Un jour le grand-père m’a fait comprendre qu’il y a des règles qu’on ne peut pas outrepasser. Ce soir d’hiver il m’a dit : « Demain on ne chasse pas ».  Et pourquoi ? « Parce qu’il a neigé. On ne chasse pas sous la neige, les animaux sont vulnérables, et c’est pas équitable » Il me semble maintenant, plusieurs décennies plus tard, que ce jour là quelque chose a été semé pour germer au plus profond de  moi. Et un matin de printemps les choses me sont apparues sous un jour nouveau.

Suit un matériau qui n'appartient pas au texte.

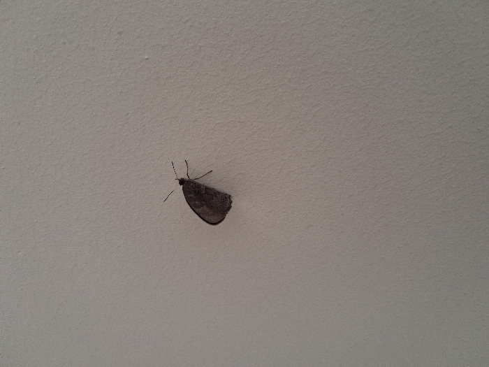 A small, dark grey butterfly or moth is observed stationary, positioned centrally on a uniform, light grey, textured surface. The insect's wings are folded vertically over its back, revealing a slightly granular or dusty texture. Two slender antennae extend forward from its head, and its legs are visible, maintaining contact with the surface. The background consists solely of the aforementioned light grey textured plane, devoid of other objects, individuals, or discernible actions. The scene is located in Takum, Nigeria.

Nous étions en avril quand le soleil fait miroiter les jeunes pousses dans un souffle d’air encore frais. Un oiseau inhabituel passait plusieurs fois par jour devant les maisons. Mais qu’il est beau cet oiseau !  Une vraie merveille ! Alors un vieux a sorti le 16, pressé la détente, et a ramassé en souriant cette huppe qui revenait de ses quartiers d’hiver Il l’a mise au congélateur pour la montrer  fièrement aux visiteurs de passage. J’avais dix sept ans, et j’ai compris, même si c’était encore confus, qu’il y avait là quelque chose qui ne tournait pas rond. Est-ce qu’un  oiseau peut être aussi beau mort que vivant ?  Faut-il posséder pour être heureux ?  Je ne sais plus si cela a été délibéré mais je n’ai plus jamais utilisé carabine ou fusil. C’est peut-être à partir de là que j’ai préféré fixer un instant fugace sur une pellicule  plutôt qu’en garder une trace déformée dans un congélateur.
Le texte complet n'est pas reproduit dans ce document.